Email Sign-Up Optimization: A/B Testing with Python

Business Problem

CityFit, a clothing brand, is preparing to launch an eCommerce store. Currently, the pre-launch page is live, and its primary goal is to collect as many emails from visitors as possible for the upcoming launch. As a Product Data Scientist at Urban Wear, my task is to design, run, and analyze an A/B experiment that tests two versions of the email sign-up button on the pre-launch page.

Control: The current red submit button. 🔴
Treatment: A new green submit button. 🟢

The goal of this experiment is to help the product team at Urban Wear determine which version leads to higher email sign-up rates.

Pre-Test Data Overview

To better understand the current performance, I first reviewed the pre-test data. This dataset contains the following variables:

visitor_id (unique identifier of each visitor)
date (visiting date)
email (email address, NaN for not provided)
experiment (AA_test, NaN for not assigned)
group (0 = control, 1 = treatment)
submitted (0 = No, 1 = Yes)

Pre-Test Performance

The initial stats and the overall performance from the pre-test data before running the A/B test:

Number of rows in the table: 309,903
Date range: 2021-12-01 to 2021-12-31
Total visitors: 309,903
Sign-ups: 31,295
Sign-up rate: 10%

Pre-Test Metrics Insights

Visitors per day: The site receives approximately 10,000 visitors each day.
Sign-up rate per day: The daily sign-up rate hovers around 10%, ranging between 9.4% and 10.8%.

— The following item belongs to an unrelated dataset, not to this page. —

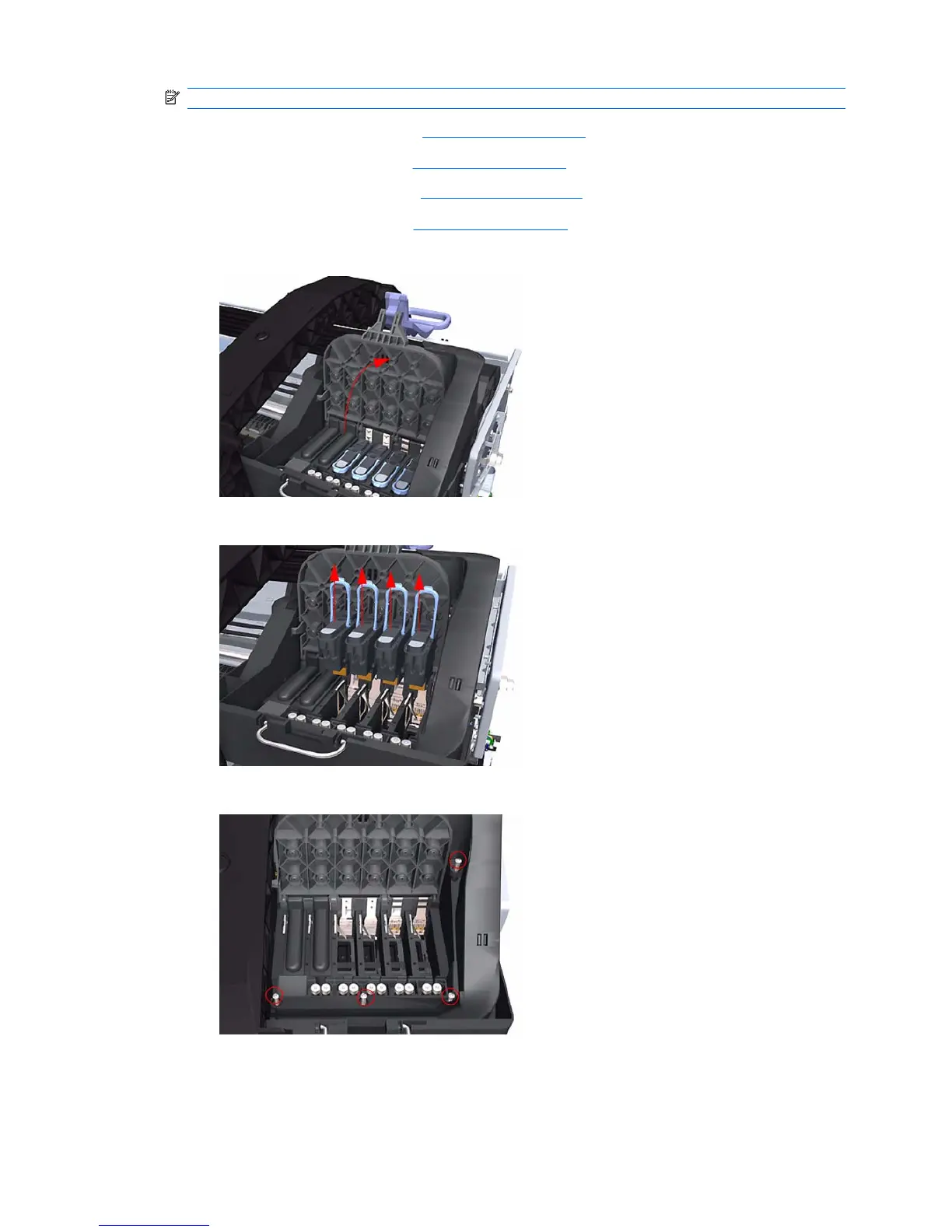 7. Remove the four T-15 screws that secure the Ink Supply Tubes to the Carriage Assembly.

This understanding of the baseline performance and dataset helps me define a clear objective: improving the current 10% sign-up rate through the A/B test. By testing the red vs. green buttons, I aim to see if we can push this number higher.

Business Objective

Before conducting any A/B test, it's crucial to fully understand the business objective. In this case, CityFit's objective is to increase the number of email sign-ups before the launch. By testing different submit button designs (red vs. green), we aim to identify which version increases user engagement, translating into more email submissions.

Test Hypothesis

Next, we state the hypothesis for the experiment:

Null Hypothesis (Ho): The sign-up rates of the red and green buttons are the same.
Alternative Hypothesis (Ha): The sign-up rates of the red and green buttons are different.

We also set parameters for the experiment:

Significance Level (α): Typically set to 0.05.
Statistical Power: The probability of detecting a real difference when it exists, usually 80%.
Minimum Detectable Effect (MDE): The smallest change in sign-up rates we aim to detect. We aim for a 10% MDE in this experiment.

Experiment Design

Designing the experiment is critical to ensuring we collect sufficient data for accurate conclusions. In this case, we are testing the red submit button (control) against the green submit button (treatment) to measure the impact on email sign-up rates. The experiment design includes the following factors:

Randomization

Visitors are randomly assigned to either the control or treatment group, which ensures there is no bias or systematic difference between the two groups. This randomness is key to isolating the effect of the button color on sign-ups.

Sample Size

To calculate the necessary sample size, I used Cohen’s D method to estimate the effect size. Based on the calculation, to detect an effect of 10.0% lift from the pretest sign-up at 10%, the sample size per group required is 15000, for a total sample size of 30,000, ensuring the test has enough sensitivity.

Statistical Power

To achieve 80% statistical power (the probability of detecting a real difference when it exists), each group in the experiment will need 15,000 visitors, bringing the total sample size to 30,000. This ensures the test has enough sensitivity to detect a meaningful difference between the two button designs.

Experiment Duration

The next step is determining how long to run the experiment to achieve the required sample size of 30,000 visitors (15,000 per group). The duration depends on the percentage of unique visitors allocated to the experiment and the average number of visitors to the pre-launch page. We estimate the duration required based on different traffic allocation scenarios:

For a more balanced approach between risk and time, we plan to allocate around 20-30% of traffic, which leads to a test duration of 10-15 days. Additionally, I calculated the number of users required per day for different experiment durations.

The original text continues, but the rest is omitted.